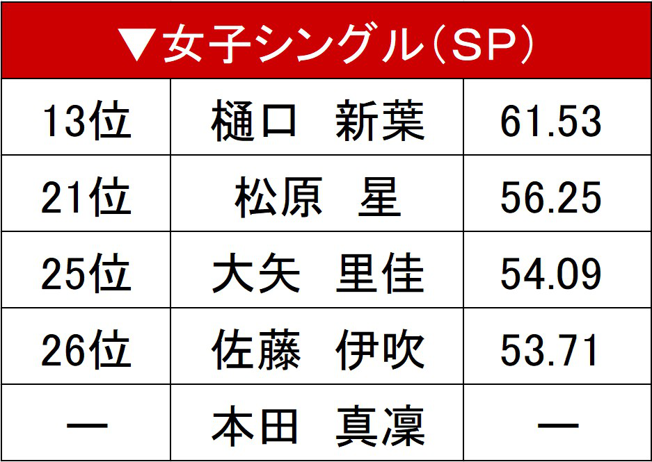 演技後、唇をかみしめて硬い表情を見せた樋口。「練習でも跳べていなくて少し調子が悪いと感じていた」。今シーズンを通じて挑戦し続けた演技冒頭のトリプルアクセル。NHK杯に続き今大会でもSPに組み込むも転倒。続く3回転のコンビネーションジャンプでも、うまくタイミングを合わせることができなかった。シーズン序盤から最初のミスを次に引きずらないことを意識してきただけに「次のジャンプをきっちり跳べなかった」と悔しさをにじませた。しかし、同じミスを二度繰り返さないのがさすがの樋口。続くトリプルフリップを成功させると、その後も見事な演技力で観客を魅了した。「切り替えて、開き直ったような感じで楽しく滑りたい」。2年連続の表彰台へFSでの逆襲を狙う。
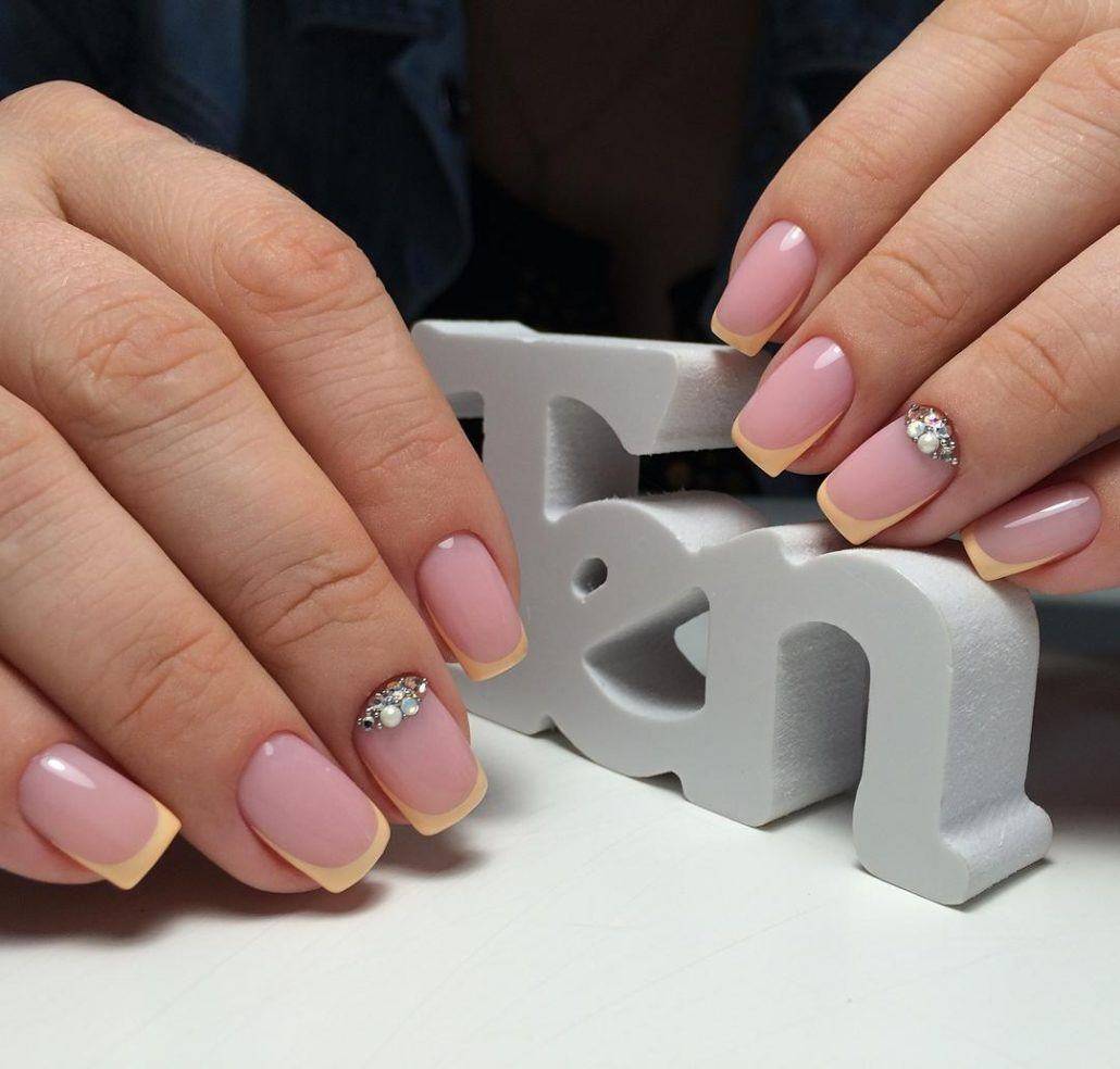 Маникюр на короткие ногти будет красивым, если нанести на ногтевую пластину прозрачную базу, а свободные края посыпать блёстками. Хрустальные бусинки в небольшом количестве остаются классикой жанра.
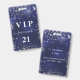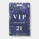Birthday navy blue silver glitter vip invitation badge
══════════
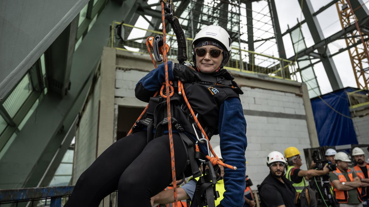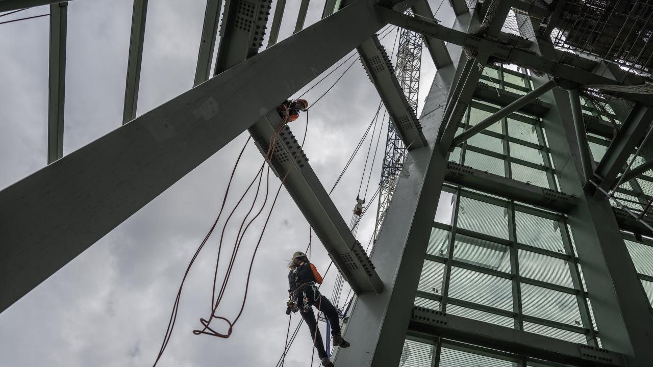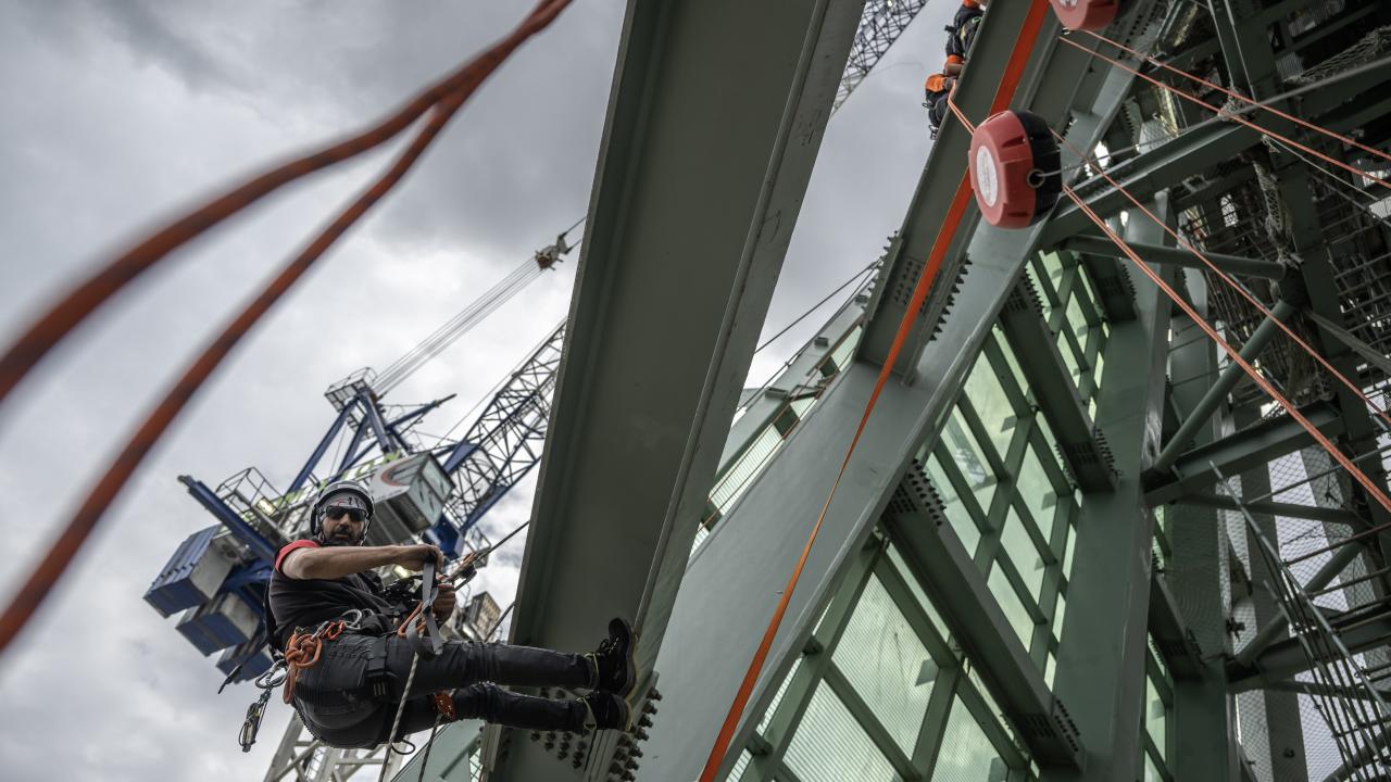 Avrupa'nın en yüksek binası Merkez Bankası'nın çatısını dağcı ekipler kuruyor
══════════
### ACTIVITY
Everything between and including the line above containing "Маникюр на короткие" and the line containing "Birthday navy blue" should be reproduced exactly, with pictures excluded.

### ANSWER FOR THIS EXERCISE
 Маникюр на короткие ногти будет красивым, если нанести на ногтевую пластину прозрачную базу, а свободные края посыпать блёстками. Хрустальные бусинки в небольшом количестве остаются классикой жанра.
Birthday navy blue silver glitter vip invitation badge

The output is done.